The Indians arrived from rubber plantations and erected slums next door, and with no jobs many turned to crime.

A gang culture flourished and, according to police, violence has been going on there for the past decade.

Most of the Indians are Tamils. Their forefathers came from southern India around a century ago to work in the plantations and do the backbreaking work for their British colonial masters, such as building roads and railways.

While Malaysia has transformed itself into one of Southeast Asia's most developed nations, its ethnic Indians are still bottom of the heap, holding less than two percent of the country's wealth.

WHERE TAXIS DON'T GO

While race issues are highly charged, Malaysia's record for keeping the peace has been fairly good since Malay-Chinese riots in 1969, when around 200 people were killed after an election.

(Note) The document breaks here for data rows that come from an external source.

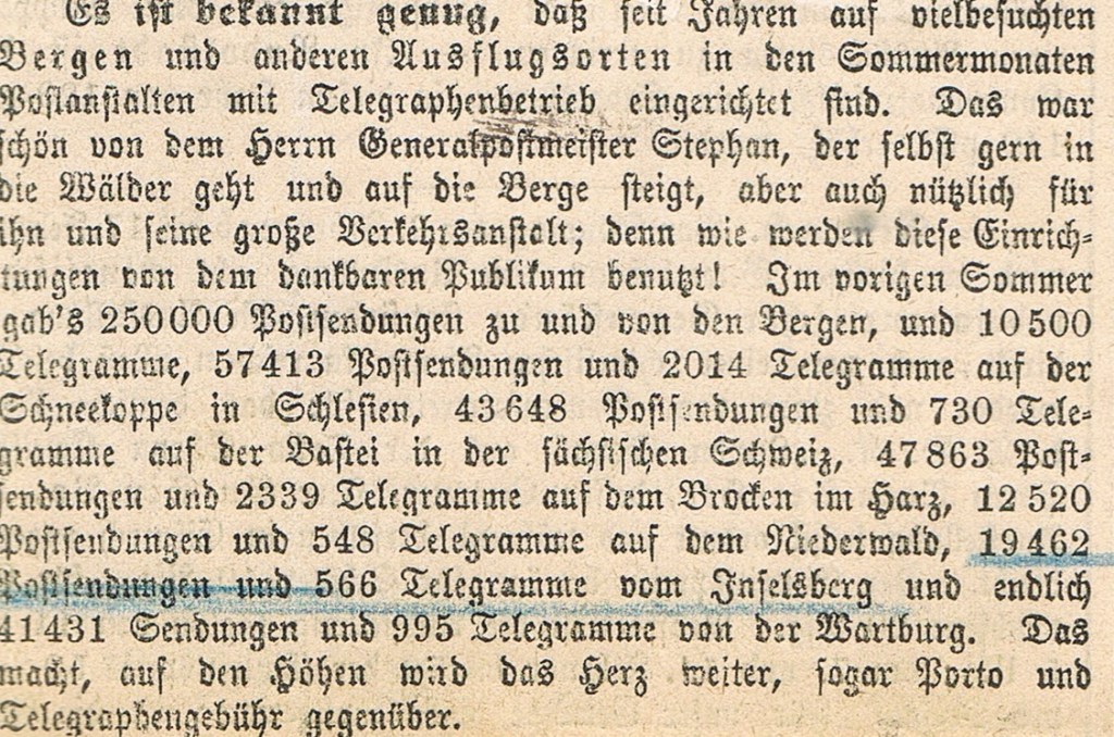 Über meinen Urgroßvater Ferdinand Naumann habe ich schon an anderer Stelle berichtet, desgleichen über seine Bildungsreise an die Riviera anno 1908 und über seine Frau Anna und deren aufschlussreichen Brief. Hier mache ich ein Kapitel aus seinen Tagebüchern zugänglich, das sich streckenweise wie Szenen aus einem Abenteuerroman liest. Man erlebt ihn nicht nur als einen begabten Schreiber (mit Ehrgeiz – s. Schluss dieses Beitrags), sondern erfährt dabei auch, wie es vor mehr als hundert Jahren zuging, als es weder Autos noch Telefon gab und der Bau einer Wasserleitung und einer Telegrafenleitung hoch zum „Hotel Gotha“ auf den Inselsberg noch Sensationen waren.
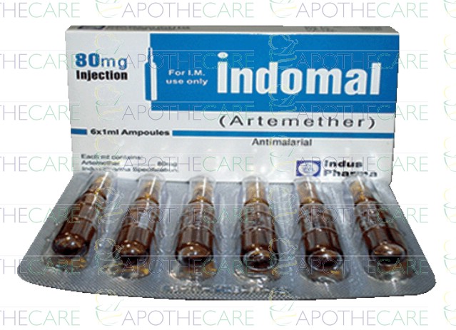 Product Name: Indomal Inj 80mg 6Ampx1mlProduct Form: InjectionPack Size: 6Amp x 1mlMarketed By: INDUS PHARMA (PVT) LTDGeneric Category: Anti-MalarialIngredients: Artemether, Lumefantrine
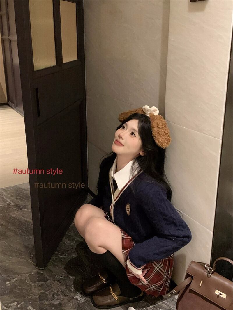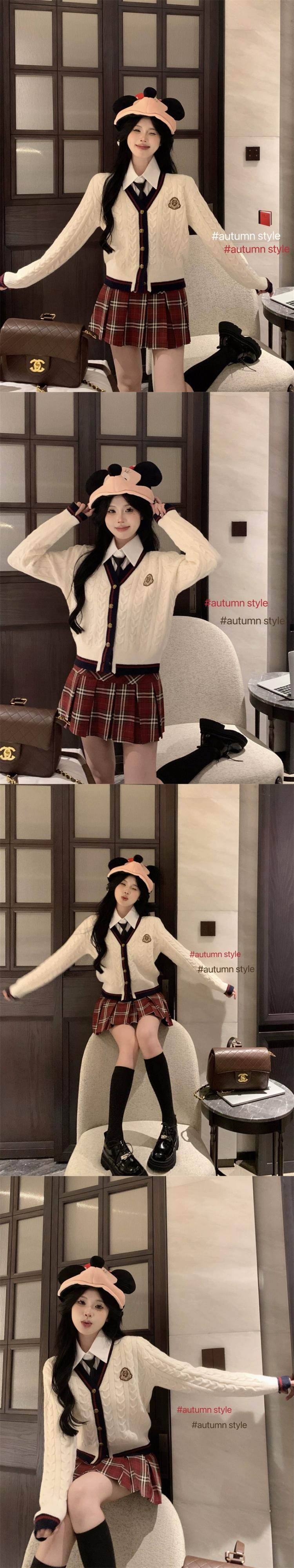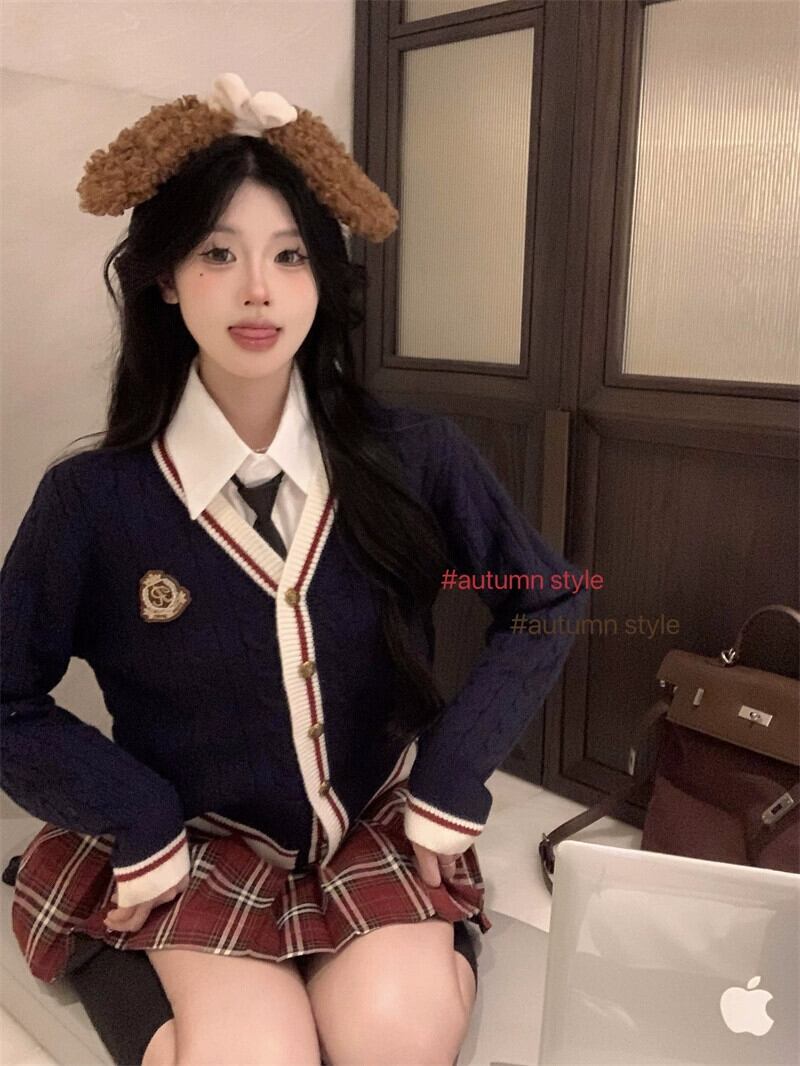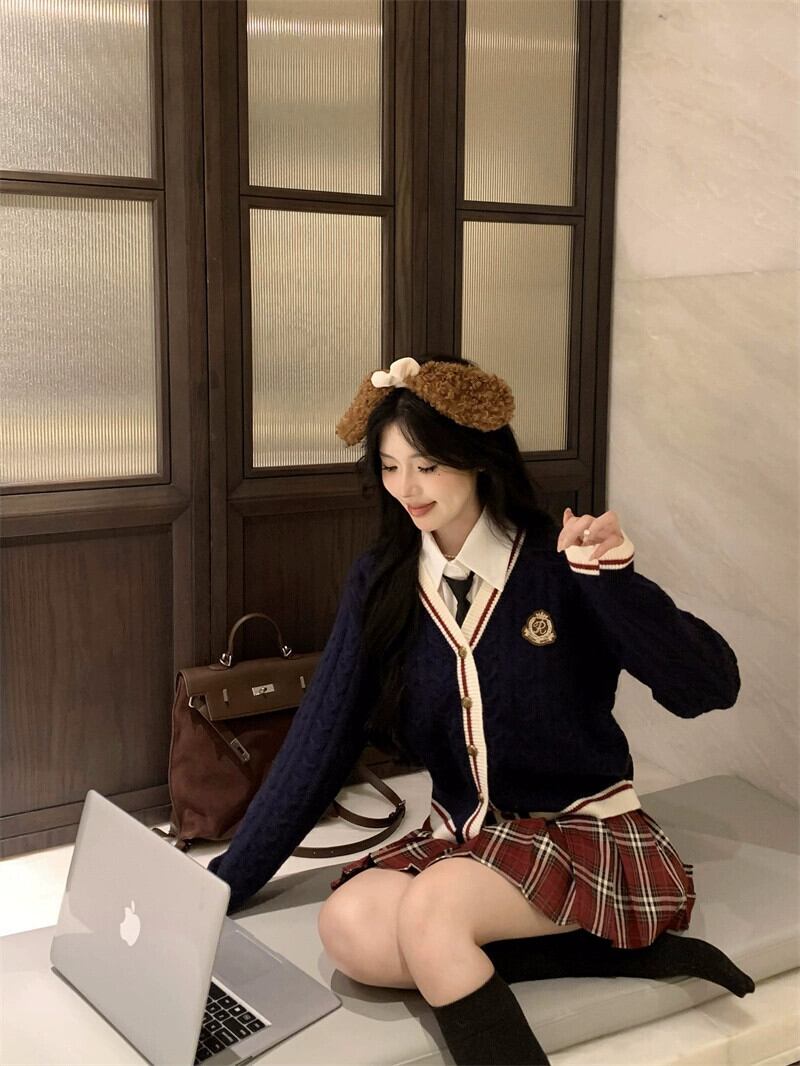 色:チェック柄スカート,ネクタイ付きシャツ,白いカーディガン,ブルーカーディガン
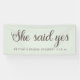 Mint green bridal shower banner with text in a cute, cursive script font, "She said yes." Personalized with the name of the bride-to-be and her shower date.

The last serious conflict was in 1998, when nine people were hurt in Hindu-Muslim clashes over the relocation of a Hindu shrine in northern Penang state.

The latest bloody fighting erupted last week after an argument over a broken windscreen. But days earlier there had been skirmishes when a Hindu funeral procession crossed the path of a Malay wedding.

Even before these clashes, taxi drivers would seldom venture into Taman Desaria.

"In this particular area you not only have economic backwardness but a high level of drug addiction as well," activist Charles Santiago told Reuters. Indians have been blamed for committing more serious crimes than other ethnic groups in the country though they make up less than a tenth of the country's population.

Malaysian police last year said 38 Indian crime gangs with about 1,500 members were active in peninsular Malaysia.

For many Indian youths on the edge of society, heroes are drawn from the gangsters in the gory Tamil movies they adore.

The Malaysian Indian Congress (MIC), a partner in Prime Minister Mahathir Mohamad's coalition, endorses Tamil-language schools, a factor regarded as hampering the community's ability to integrate.

The Chinese also protect their own language schools, but they are many rungs higher on Malaysia's social ladder.

Many Indians feel their interests have been neglected, blaming the federal government's race-based policies, particularly the affirmative action policy to help Malays move up the socio-economic ladder, for their plight.

"The Indian members of the working class have had difficulty competing for facilities and resources because the government was so involved in pushing programmes for Malays," political economist P. Ramasamy said.

"The message of last week's violence seems to be very clear - there are groups that have been alienated by the racial policies of the government," he said.

AN INDIAN BY ANY OTHER NAME

Indians are the most visible of the urban poor, sweeping the country's streets and collecting its garbage.

They officially make up about eight percent or two million of Malaysia's 22 million people, while Malays make up 55 percent and Chinese 30 percent.

But the race numbers are blurred. Many northern Indians living in Malaysia tick the box for "Others" rather than "Indian" when they fill in government forms.

While at least 80 percent of Indians are labourers, they also account for 32 percent of Malaysia's doctors and 25 percent of lawyers, Ramasamy said.

Many have successful careers in business and entertainment as well.

But the majority of southern Indians have struggled to move on. They still account for 40 percent of workers in Malaysia's plantations, but modern methods mean fewer are needed and thousands more are expected to flock to the city slums.

The government, on its part, has approved a 20 million ringgit ($5.3 million) grant to help the impoverished community and plans are being drafted to build low-cost housing for squatters.

After meeting grief-stricken relatives last week, MIC President Samy Vellu said: "Everyone is asking me what to do. I can't do anything at the moment except to cry."